Rising Devastation Linked to More Frequent Consecutive El Niños
Recent studies show that consecutive El Niño events are becoming more frequent and more severe due to climate change. These changes are significantly impacting global weather patterns, agriculture, and infrastructure, underscoring the urgent need for stronger climate resilience.
Consecutive El Niños More Common and Longer, Scientists Discover
A recent study has indicated that consecutive El Niños are becoming more the norm with increasingly more powerful interruptions to the world in general. El Niño, an atmospheric phenomenon in the equatorial Pacific Ocean, has been known for centuries to alter the world's weather patterns since time immemorial. Its fluctuation of alternating hot and cold spells—El Niño and La Niña—can potentially unleash extreme climatic regimes like floods, droughts, and storms that impact millions of people globally.
The effect of El Niño extends far and wide and penetrates realms as varied as agriculture, fisheries, water resources, and even the health of human beings. There are certain instances such as that of the 1997–98 El Niño and the case of the 2015–16 El Niño which are characteristic of instances where such instances lead to a large amount of economic as well as ecological loss and by figures running into the millions. The periodic occurrence of El Niño occurring time and again at unpredictable intervals in climatology modifies their cycle to cold. But new research shows that they now persist longer and happen more frequently, and are thus more destructive to ecosystems and human societies.
Climate change is one of the primary causes. Over the last few decades, the Pacific Ocean thermocline, the area of water between warm surface water and cold deep water, has been becoming shallower, allowing the El Niño and La Niña phenomena to last longer. Global warming caused by human activities, i.e., the greenhouse gases emitted when fossil fuels are combusted, has strengthened this natural phenomenon. The extra heat retained in the atmosphere and oceans is powering these natural cycles and increasing the chances of multi-year events of El Niño.
The implications of persistent multi-year El Niño events are vast. Prolonged drought, more severe heatwaves, and fiercer wildfires are a few of the short-term impacts that might annihilate agriculture and bring in frequent episodes of severe weather such as hurricanes. Urban coast cities, which are already affected by rising sea levels, may face more severe storm surges, as well. More stress in agriculture production systems, fisheries, and water will also increase, which will affect world food security and economic stability.
In such a scenario, the need to cut carbon emissions and develop climate resilience is more than ever before.
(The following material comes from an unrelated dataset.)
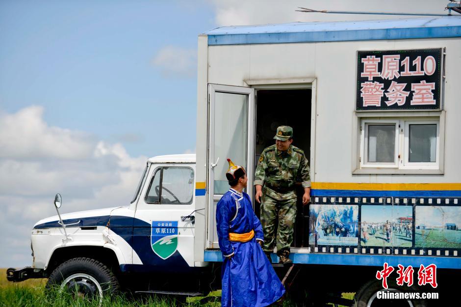 8月4日,在内蒙古新巴尔虎左旗的牧区草原上,第一边防大队结合多年牧区边境管理服务的经验,率先推行了草原110“三务合一”工作模式。该模式以警务室为载体,融党务,村务,警务于社会服务中,以牧区社会管理现状为前提,以民警兼任村官工作为基础,充分发挥草原110警务室作用,使牧区的流动警务室成为党群之间的联络员、政府服务的办公点、群众困难的求助站,打造全新模式的“一站式”高效化的社会服务。图为内蒙古新巴尔虎左旗牧区草原上的诺门罕布日德边防派出所民警朝鲁门指导牧民呼日查监察草原牧区情况。中新社发 陆欣 摄

While natural causes of El Niño occurrences cannot be undone, human-induced speeding up of the occurrences is an indicator of the need to combat climate change. Increasing global efforts for the emissions reductions, danger reduction to disaster, and improved structures will be capable of avoiding some of the devastating consequences which can be estimated on shorter-time horizons. Conclusion
As a result and all things being said, prolonged and extended El Niño events are becoming larger and more intense as a function of anthropogenically induced climatic change.
Not only are the events causing disruption to the climate, but new ones are being added to already existing issues like food security, water, agriculture, and infrastructural resilience. It is urging an imperative that prevents the already brewing crisis that addresses carbon cuts and adaptation to the certainty of climate shocks in the future. This study is an eye opener that extended El Niño periods will be a persistent headache to the world community for decades to come.